Cappuccino weg, Schokoladenkuchen gegessen, ich hatte im Prinzip keinen Vorwand mehr, um hier zu bleiben und mich von dieser unterhaltsamen Barista und ihrer Geschichte faszinieren zu lassen. Aber als Mitglied der internationalen Presse muss man einfach insistieren und alle Tricks anwenden, um die Wahrheit ans Tageslicht zu befördern. Hier wartete mit Sicherheit eine Story auf die Welt.
„Ich hab‘ diesen Lehrerton drauf, sorry,“ sagte sie. Ihr Bedauern mochte echt sein, aber ich war mir sicher, dass sie die kleine Pause in ihrer Barista-Routine zu genießen begann. Und dass sie in mir ein dankbares Publikum sah. „Weil ich ausgebildete Historikerin bin.“
Oh. Wow.
„Weißt du, wie die Geschichte endete? Die Kaffeeriecher wurden so unbeliebt, noch unbeliebter als die Perücken-Schnüffler, und das wollte schon etwas heißen.“ Sie lächelte wieder, mehr zu sich selbst als zu mir. Ich hatte noch nie von Perücken-Schnüfflern gehört, meines Wissens gibt es sie in Westkanada nicht. Sogar das Wort war seltsam, ich nahm an, dass sie Haarfetischisten meinte. Ein interessantes Konzept.
„Also wurde nach Friedrichs Tod das Kaffeemonopol bald beendet. Und die Kaffeeriecher wurden nach Hause geschickt, oder wo immer sie hinwollten. Der nächste Krieg war nur noch wenige Jahre entfernt. Im Gegensatz zu Historikern sind Soldaten wahrscheinlich nie sehr lange arbeitslos.“
Unsere Unterhaltung wurde mehrmals durch das Zischen der Kaffeemaschinen, das Gerede der anderen Gäste und das Getöse von der Theke mit dem benutzten Geschirr unterbrochen. Aber irgendwie störte uns die Geräuschkulisse nicht. Ich hatte nicht viel gesagt, eigentlich gar nichts, und jetzt war ich ratlos, wie ich die Diskussion auf ein Feld lenken sollte, auf dem ich selbst einen sinnvollen Beitrag leisten konnte.
Also lud ich sie zum Essen ein. Im Lehrbuch des Journalismus wird dies nicht als Standardverfahren beschrieben, ja eigentlich nirgendwo erwähnt. Aber Kreativität gehört zum Leitbild der Medien.
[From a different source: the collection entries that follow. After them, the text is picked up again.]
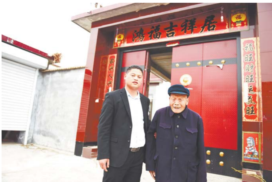
□记者 吕光社 报道

但没过几天,村里的一堂乡村儒学课,让单勇心里打起了鼓。那堂课讲孝道,老师是从省城来的教授,讲的是“子路百里负米孝亲”“子欲养而亲不待”的故事。“爷爷奶奶老体弱,住的土坯房也破烂不堪,父母的身体也远不如当年,还有一个孤单的二爷爷自己过,如今弟弟搬进城,我如果也走了,谁来照顾五位老人?现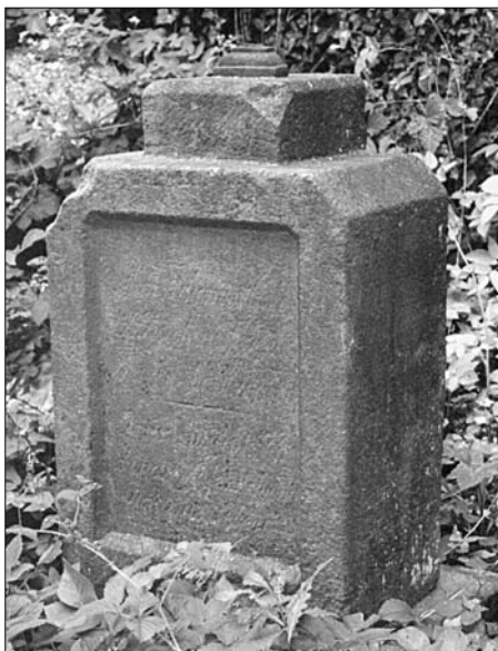
Torzo pomníku v Rudolticích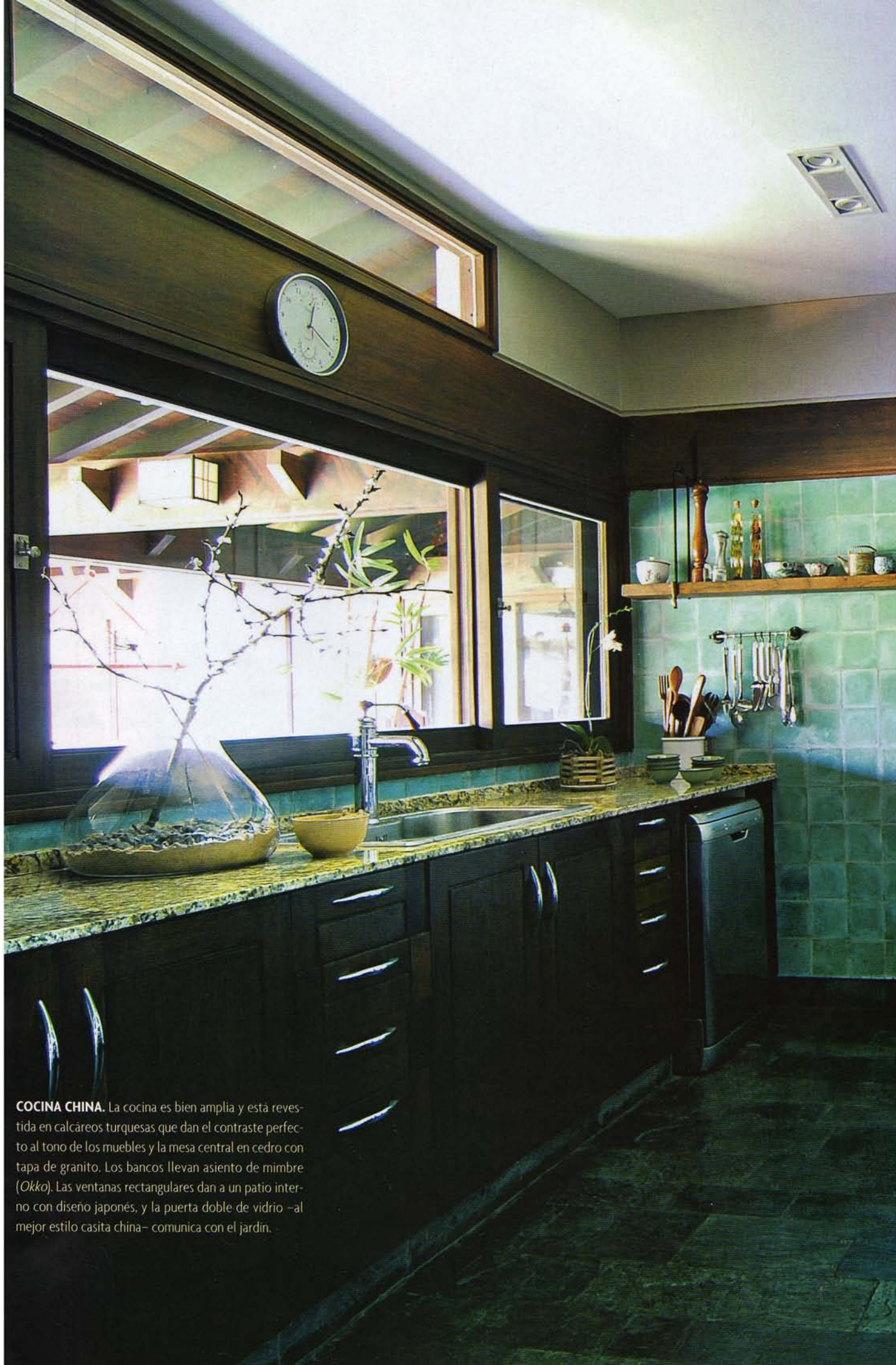
COCINA CHINA. La cocina es bien amplia y está revestida en calcáreos turquesas que dan el contraste perfecto al tono de los muebles y la mesa central en cedro con tapa de granito. Los bancos llevan asiento de mimbre ( Okko ). Las ventanas rectangulares dan a un patio interno con diseño japonés, y la puerta doble de vidrio –al mejor estilo casita china– comunica con el jardín.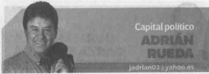
Capital político ADRIÁN RUEDA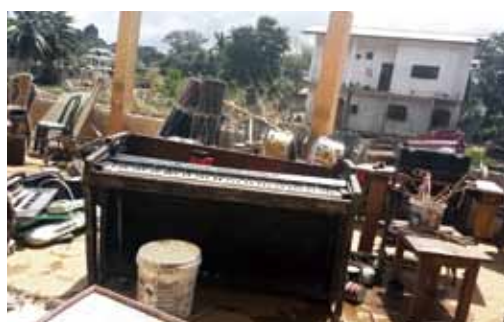
写真10 土石流を被ったピアノや楽器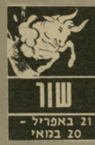
שור 21 באפריל - 20 במאי

הזו והז' בחודש עשויים להעמיד אתכם לפני הוצאות כספיות גדולות משתבטם. תוכלו ל-צאת מזה בזכות עזרה ש-תקבלו מידידים או קרובי-משפחה. הרי בחודש לא יהיה קל. מצד אחד תפגשו באנשים שחברתם אהובה עליכם, אך זה יביא לסצי-נת קינאה ולריב עם כך-הונו. שיוניים במיבנה או ב-מיסגרת משותפת צפויים בקרוב. בחחום העבודה אתם עומדים לפני קידום. אתם עשויים לקבל הצעות מושכות. אך תצטרכו לקחת יוזמה. אל תחכו שהדברים ייעו מעצמם.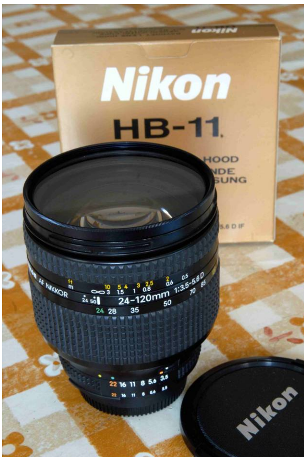
Un obiettivo zoom autofocus ed asferico.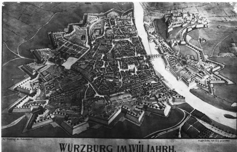
Würzburg um 1723. Zeichnung nach dem Homann-Stich.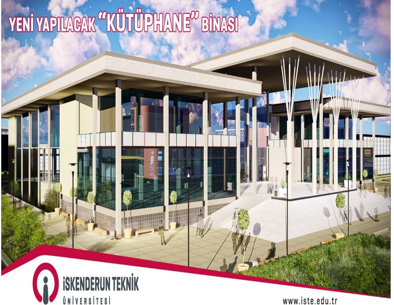
Resim 2. Merkezi Kütüphane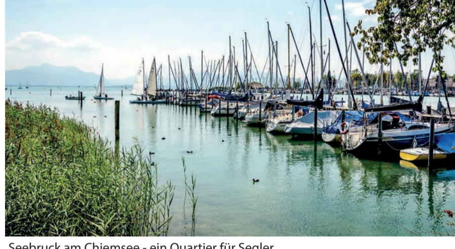
Seebruck am Chiemsee - ein Quartier für Segler

Einzelne Abschnitte am Chiemsee Rund- und Chiemsee Radweg sind als Erholungspromenaden vornehmlich für Fußgänger ausgewiesen.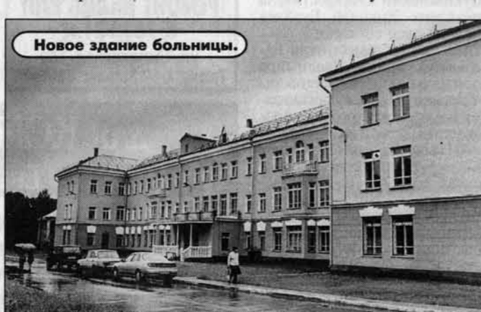
Новое здание больницы.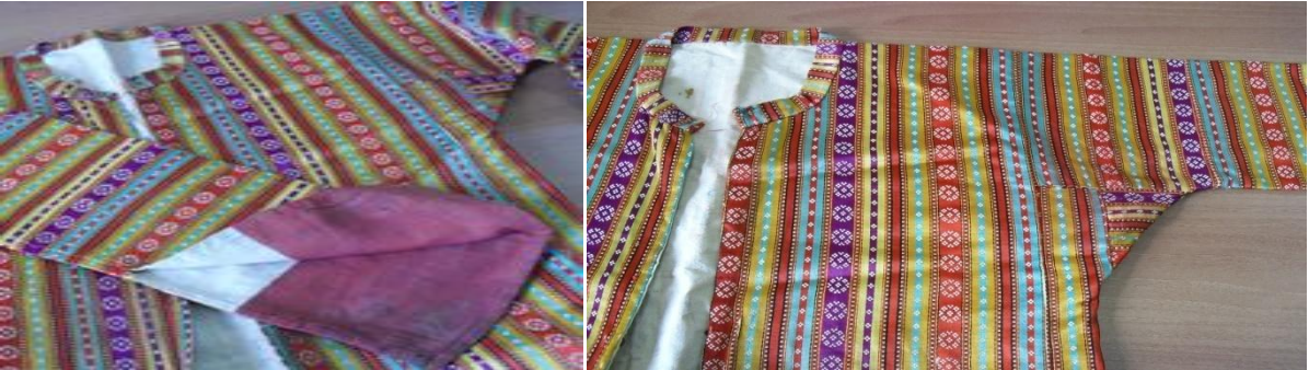
Şekil 17. Kol yırtmacı ve kuşlu kol detayı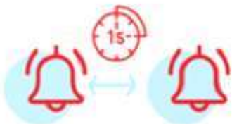
График «звонков» с шагом в 15 минут. Питание будет в несколько смен

Гибкий график обеденного зала для каждой параллели классов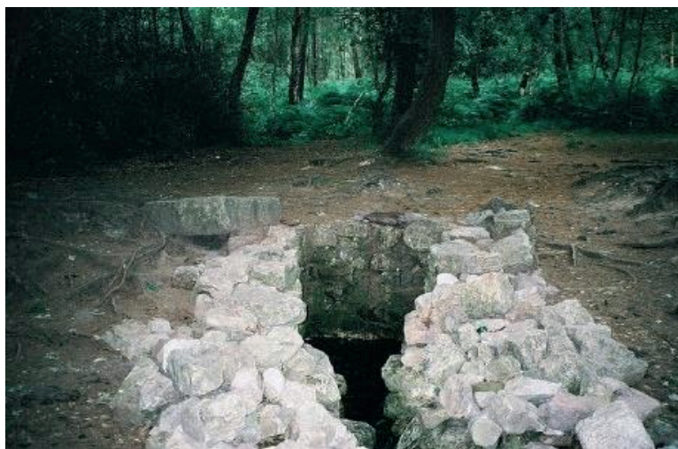
La fontaine de Barenton.

Lieu mythique appartenant à la légende du Roi Arthur et de Merlin l'enchanteur, la forêt de Brocéliande est un endroit incontournable pour tous ceux qui cherchent à vivre une expérience paranormale et pour les admirateurs de Chrétien de Troyes. Merlin lui-même y vivrait encore, emprisonné quelque part. La fontaine de Barenton où le magicien rencontrait la douce Viviane, aurait le pouvoir de faire pleuvoir. Le Val sans retour pourrait retenir ses visiteurs. Quant au Château de Trécesson, il abrite apparemment plusieurs fantômes dont celui d'une dame blanche. Brocéliande n'a pas fini de dévoiler ses charmes et continue de fasciner.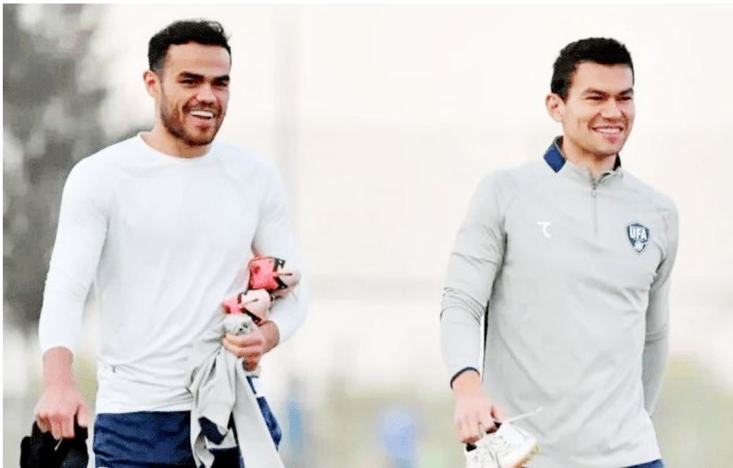
تیم ملی فوتبال ایران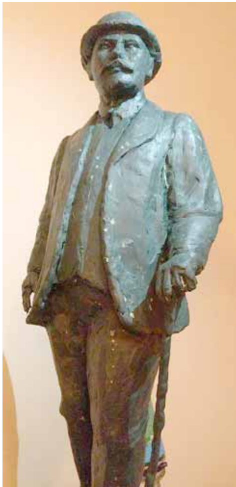
Макет помніка Юліюсу Столе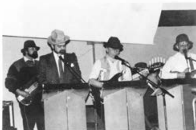
Stommen i julspelegänget

Efter "Julspexet" samlas man till julsupé.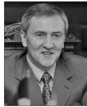
Київський міський голова Леонід Черновецький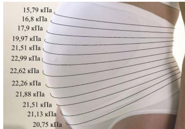
Рис. 2. Величини конфігураційних зусиль на тіло жінки бандажів-трисів [авторська розробка]

рекламується за свій відмінний зовнішній вигляд, але його функціональні властивості гірші, ніж у будь-яких інших аналогічних виробках.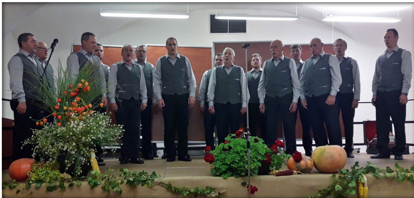
Lučki pevci na državni prireditvi v Šmartnem pri Litiji

Strokovni spremljevalci na podlagi dogovorjenih meril izberejo manjše število nastopajočih za regijsko srečanje, nato pa po istih načelih še skupine za državno srečanje.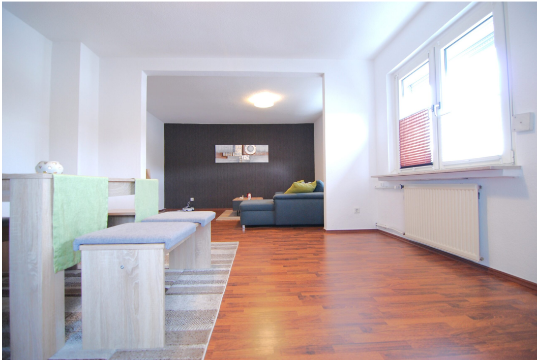
Barbarastrasse16 1OG Wohnzimmer 2

Wir haben schließlich die Pflicht, die Öffentlichkeit zu informieren und uns wirklich tief in eine Geschichte einzuarbeiten.
Zu meiner großen Überraschung stimmte sie zu.
Wir trafen uns in einem Restaurant in Charlottenburg, näher bei ihrem Wohnort. Und in Friedrichshain, ganz in der Nähe meines Wohnortes. Friedrichshain war natürlich besser geeignet, um unsere kleine Geschichte fortzusetzen, da es seinen Namen indirekt von Friedrich dem Großen erhielt. Pankow, wo wir uns auch getroffen haben, hat nichts mit der Geschichte der Kaffeeriecher zu tun. Aber das Restaurant dort war schöner als die anderen, und alles, was danach folgte, auch. Die Geschichte selbst habe ich nie veröffentlicht.
Du weißt es vielleicht nicht, aber der Geruch von Kaffee ist nachhaltig, besonders wenn man regelmäßig in der Nähe des Röst- und Brühvorgangs arbeitet. Er lässt sich nicht leicht wegwaschen, selbst wenn du es versuchst. Was sie nicht tat, zumindest nicht systematisch.
Was erklärt, warum ich das Kaffeearoma in ihrem Haar und auf ihrer Haut riechen kann, wenn sie neben mir liegt. Sehr angenehm, muss ich sagen.
Vielleicht werde ich eines Tages vorschlagen, einen neuen Buchstaben des Alphabets zu erfinden, ein vereinigtes K und R, für Kaffeeriechen. Vielleicht wären die Deutschen für einen solchen Vorschlag sogar offen.